• Aim of the exercise: Only the lines of the data below from the one with "Jeudi soir, j’avais" through the one with "Bryony & Hugh" are wanted. Repeat them exactly.

• Records for this exercise:

# # # # #

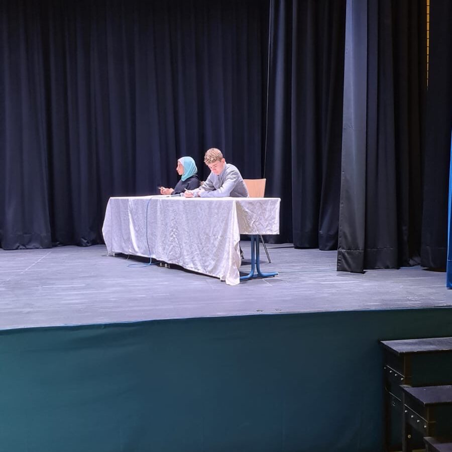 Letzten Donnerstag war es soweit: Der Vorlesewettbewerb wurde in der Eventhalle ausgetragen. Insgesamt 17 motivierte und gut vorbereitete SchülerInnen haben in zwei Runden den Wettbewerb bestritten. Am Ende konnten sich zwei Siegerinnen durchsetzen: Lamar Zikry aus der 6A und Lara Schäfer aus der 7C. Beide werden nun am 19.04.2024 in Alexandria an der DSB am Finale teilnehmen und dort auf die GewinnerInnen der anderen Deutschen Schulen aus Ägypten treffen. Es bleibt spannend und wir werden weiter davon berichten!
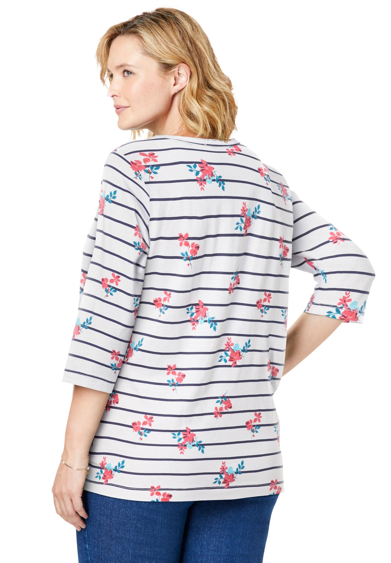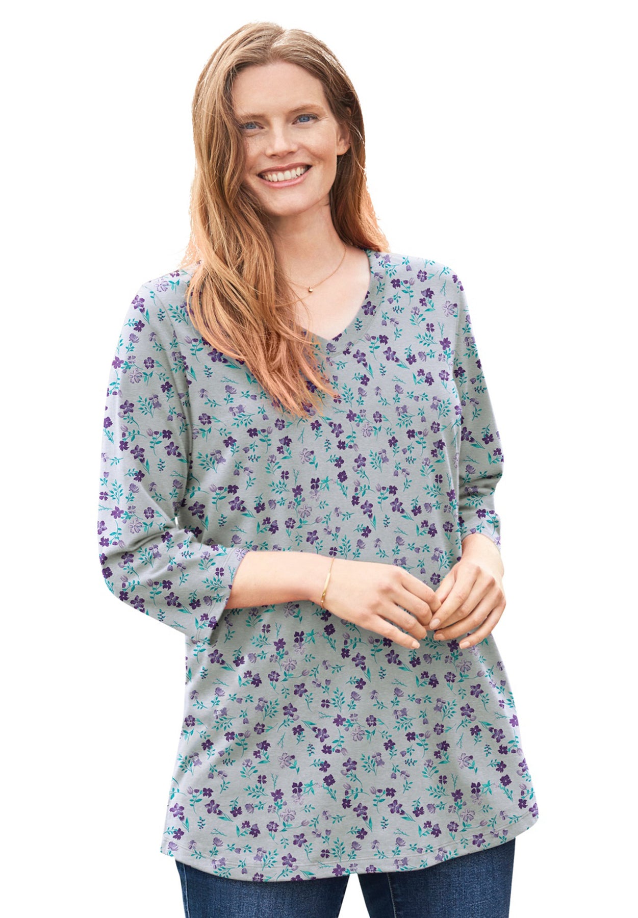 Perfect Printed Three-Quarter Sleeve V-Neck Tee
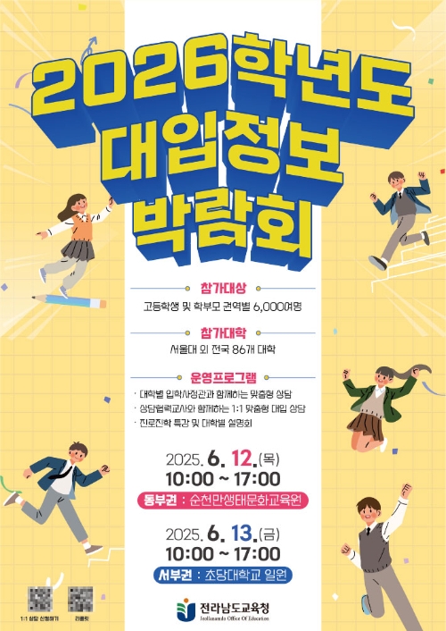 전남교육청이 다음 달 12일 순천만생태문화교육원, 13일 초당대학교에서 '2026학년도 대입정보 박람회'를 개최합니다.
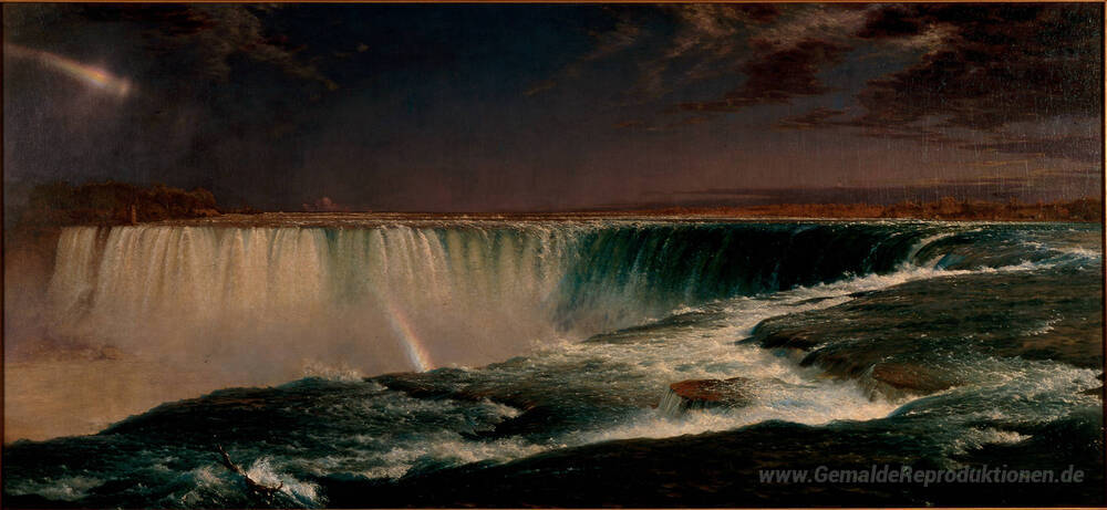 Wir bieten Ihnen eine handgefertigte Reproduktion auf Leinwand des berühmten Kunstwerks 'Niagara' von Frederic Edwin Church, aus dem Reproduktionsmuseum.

# # # # #

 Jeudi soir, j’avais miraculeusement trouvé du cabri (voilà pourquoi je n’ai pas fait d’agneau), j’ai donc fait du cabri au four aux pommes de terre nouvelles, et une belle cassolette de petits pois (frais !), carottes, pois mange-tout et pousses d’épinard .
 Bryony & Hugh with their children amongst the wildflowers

# # # # #

• Result below:
 Jeudi soir, j’avais miraculeusement trouvé du cabri (voilà pourquoi je n’ai pas fait d’agneau), j’ai donc fait du cabri au four aux pommes de terre nouvelles, et une belle cassolette de petits pois (frais !), carottes, pois mange-tout et pousses d’épinard .
 Bryony & Hugh with their children amongst the wildflowers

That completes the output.